Morire di carcere
Sono numerosi i detenuti che tentano il suicidio e che vengono salvati dagli agenti di polizia penitenziaria o dai compagni di cella, senza che la cosa faccia troppo notizia. Venerdì nel carcere bolognese della Dozza un detenuto cinquantenne che si trovava nel reparto infermeria "si è tolto la vita, impiccandosi all'interno della sua cella" ed è finito nelle statistiche di un dramma, al quale siamo purtroppo ormai abituati.
Questa morte pesa come una piuma nella coscienza collettiva e non basta certo a convincere i benpensanti che uno stato democratico ha il dovere di garantire condizioni di vita dignitose anche in un luogo di restrizione. Il carcere non dovrebbe infatti punire, ma rieducare. Per cercare di capire, non riesco a non prendere prima di tutto in considerazione la domanda: lasciar morire non è forse un modo, anche se non voluto e sicuramente più nascosto, di dare la morte? La Costituzione della Repubblica Italiana afferma il principio che la pena ha fini di recupero e di reinserimento sociale.
La situazione del sistema carcerario italiano, di fronte al sovraffollamento e al calo di risorse, è drammatico. All'interno della Casa Circondariale di Bologna, la capienza di 489 detenuti è abbondantemente superata dalle 760 presenze. Il personale di Polizia Penitenziaria è sempre meno (350 quando dovrebbero essere 550) e gli educatori in servizio sono solo 6 (invece che 11).
Il carcere non è extraterritoriale, è parte della città di Bologna. Il Comune di Bologna, durante lo scorso mandato, ha riattivato lo Sportello del cittadino dentro il carcere, ripristinato la figura dell’assistente sociale che garantisce il collegamento “tra dentro e fuori”, riattivato il Comitato Locale per l'esecuzione penale. L’esperienza del carcere deve proporsi come un tempo di riprogettazione di vita. Ci sono esperienze che confortano questa prospettiva: l'esperienza musicale del maestro Napolitano; il laboratorio sartoriale e quello per il trattamento di materiali elettronici; l'officina meccanica; la serra per la produzione agricola e oggi il nuovo caseificio, il progetto “non solo mimosa”.

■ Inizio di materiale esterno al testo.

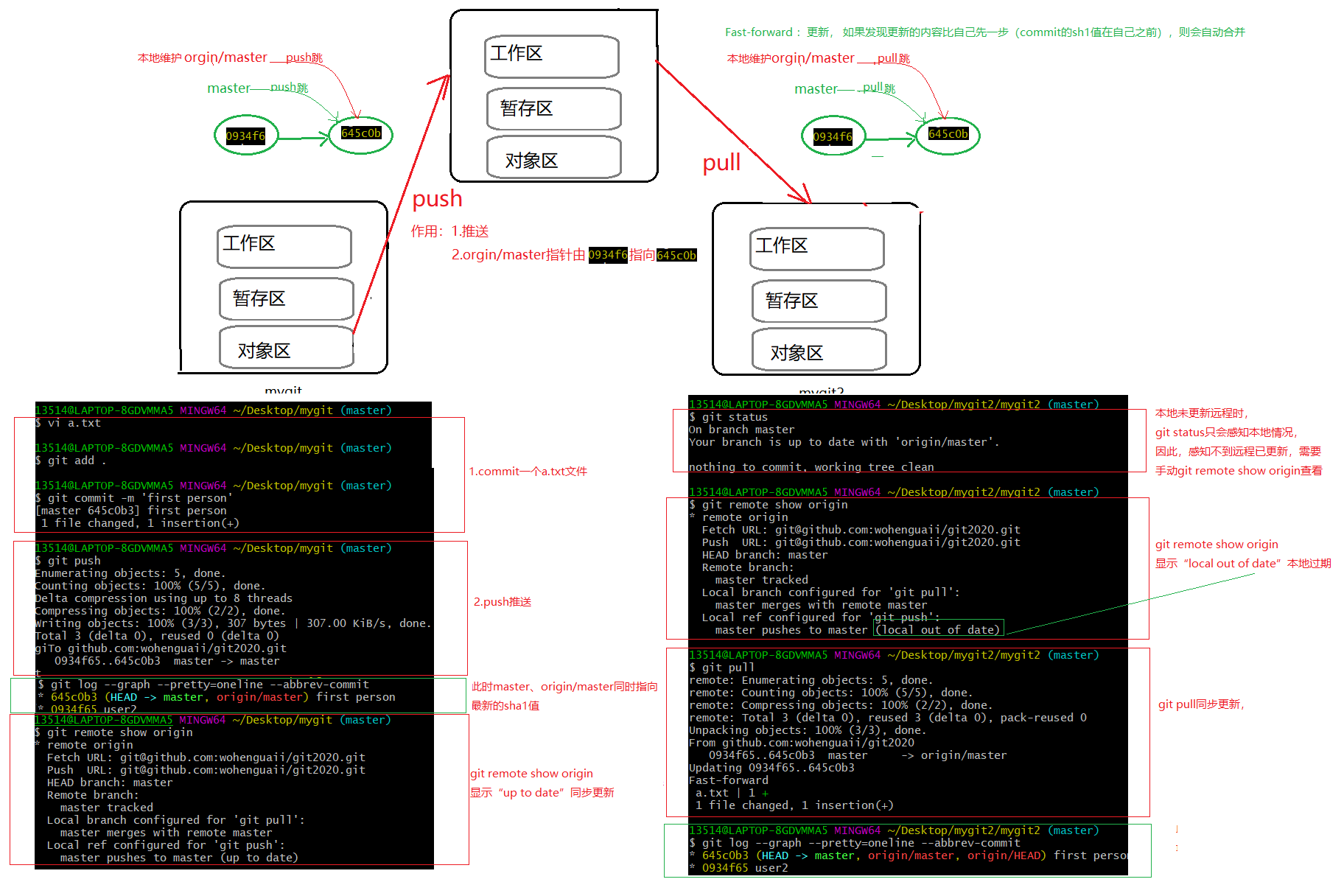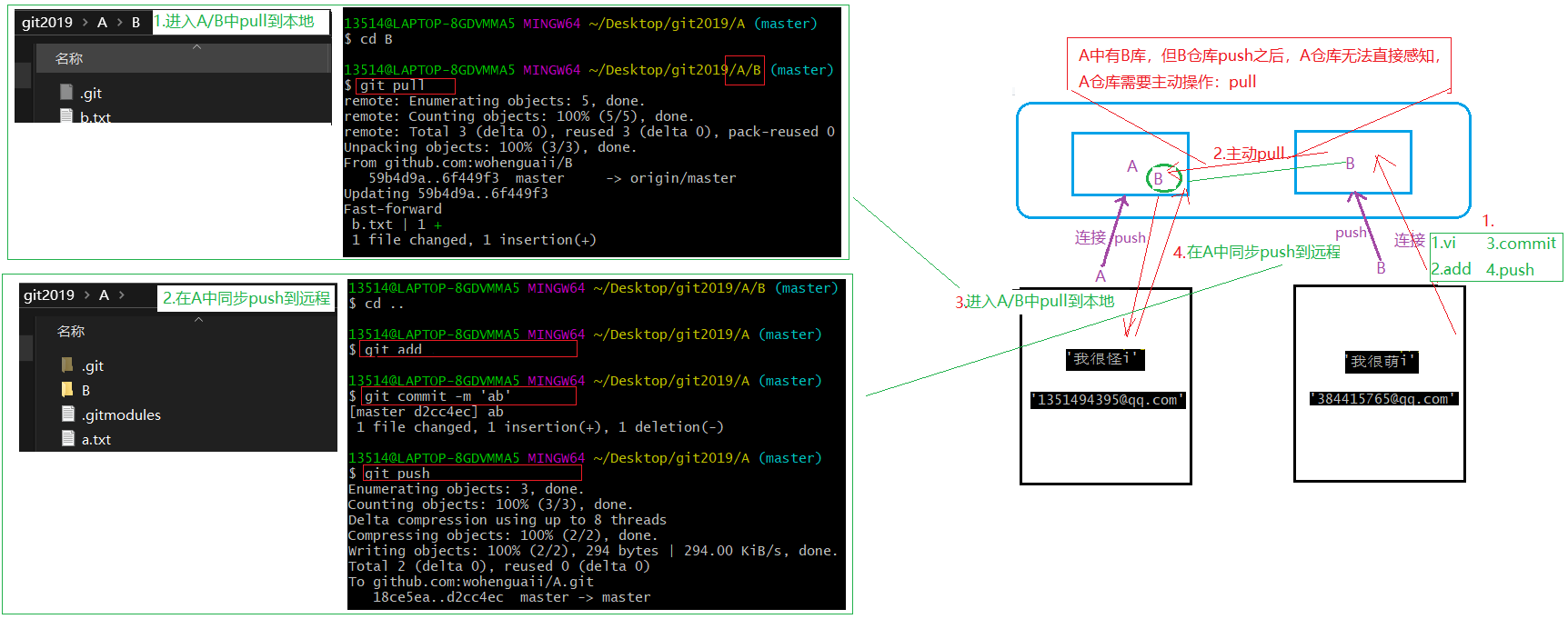 8.2.3.1 进入A/B中pull到本地,并在A中同步push到远程
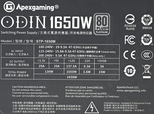 ▼本體背面標籤有Apexgaming商標、ODIN名稱、1650W輸出功率、80PLUS白金認證、型號
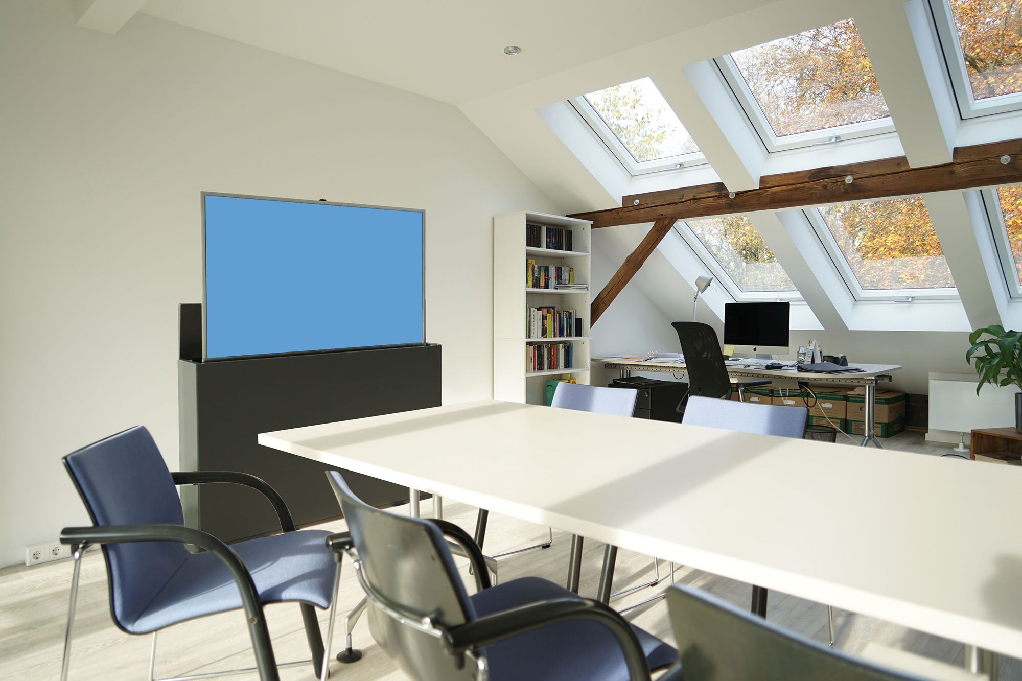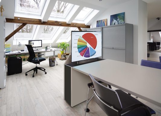 Wenn der Bildschirm eingefahren ist, sieht man nur eine schmale Fuge in der Tischplatte. Durch die Rollen können Sie das Bildschirmboard bei Bedarf auch anderswo nutzen – wo Sie gerade wünschen.
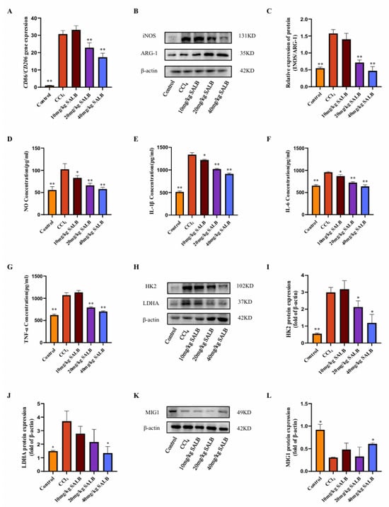 Transcriptional regulation of glycolysis is fundamentally governed by the MYC oncogene, which directly activates key glycolytic enzymes, including HK2 and LDHA [,]. Beyond MYC, recent research has identified MIG1 as a critical coordinator of nuclear-mitochondrial communication, regulating glycolysis specifically in colorectal cancer []. In Saccharomyces cerevisiae, the zinc finger protein MIG1 functions as a well-established glucose metabolic regulator, primarily mediating glucose repression []. Our Western blot analysis revealed that MIG1 protein expression levels were diminished in the liver of the model group, but were significantly restored following SAL B treatment (Figure 2K,L). In conclusion, our experimental findings suggest that SAL B treatment modulates the polarization and glycolytic activity of liver macrophages in mice treated with CCl4, thereby inhibiting the production of inflammatory factors.
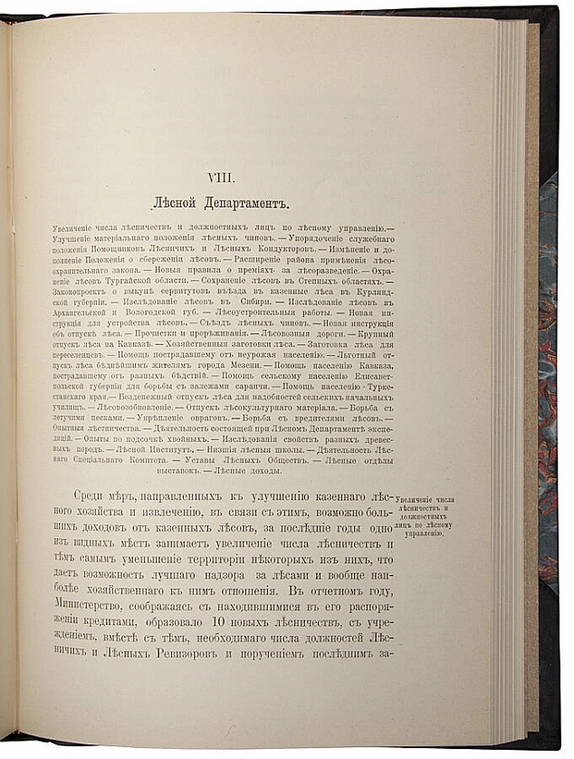 Обзор деятельности министерства земледелия и государственных имуществ за седьмой год его существования (Антикварная книга 1901г.) ОПИСАНИЕ 30 марта 1900-30 марта 1901. Экземпляр экономиста и географа А.Ф. Фортунатова. При учреждении министерств в 1802 году создание отдельного ведомства для надзора за государственными имуществами не предусматривалось. Эти функции распределялись между подразделениями Министерства внутренних дел и Министерства финансов. С 1811 года управлением государственными имуществами занимался Департамент государственных имуществ Министерства финансов, затем (с 29.04.1836) — V отделение Собственной Его Императорского Величества канцелярии. Министерство государственных имуществ было учреждено 26 декабря 1837 (7 января 1838) года. В 1843 году в состав Министерства перешёл из финансового ведомства Лесной департамент вместе с Корпусом Лесничих. В 1845 году 3-й департамент министерства был преобразован в Департамент сельского хозяйства. В 1848—1856 и 1875—1881 гг. в ведении министерства находилось Государственное коннозаводство. В декабре 1866 года состоялось кардинальное преобразование внутренней структуры министерства: был упразднён 1-й департамент; 2-й департамент преобразован во Временный отдел, который, несмотря на своё название, в течение 15 лет был главным подразделением министерства; департамент сельского хозяйства был переименован в департамент земледелия и сельской промышленности. В ноябре 1892 года были образованы два новых отделения: инородческое и сибирское. С 1873 по 1905 год в состав министерства входил Горный департамент, ранее находившийся в финансовом ведомстве. В 1894 году ведомство было преобразовано в Министерство земледелия и государственных имуществ и главным для министерство стали вопросы сельского хозяйства, а управление государственными имуществами: земельными, лесными и горными, отошло на второй план. В мае 1905 года оно снова меняет профиль и статус — реорганизуется в Главное управление землеустройства и земледелия, в котором сосредоточилось осуществление столыпинских аграрных реформ. В октябре 1915 года Главное управление вновь преобразуется в Министерство земледелия. Министерству государственных имуществ вверялось управление государственными имуществами (казёнными землями, казёнными оброчными статьями, лесами казённого ведомства), общий надзор за исполнением повелений о сбережении лесов и поощрении лесоразведения, заведование горной и соляной частями, охранение источников минеральных вод и заведование Кавказскими минеральными водами, заведование кустарными промыслами, попечение над некоторыми категориями населения, организация управления крестьянами, которое повысило бы их благосостояние. Министр земледелия и государственных имуществ являлся одновременно и главноуправляющим горною частью, которой он заведовал посредством Горного Департамента, высшего горного учреждения — Горного Совета, Горного Ученого Комитета и местных горных установлений.

Serve un impegno attivo delle istituzioni per ridurre il sovraffollamento e per assumere personale, e occorre che il carcere possa essere vissuto come dovere, ma anche come diritto di pagare per un’azione ingiusta commessa nei confronti della società, di cui si è però legittimamente ancora parte, e c’è la necessità che anche questa esperienza drammatica lasci intravedere una prospettiva, un futuro possibile.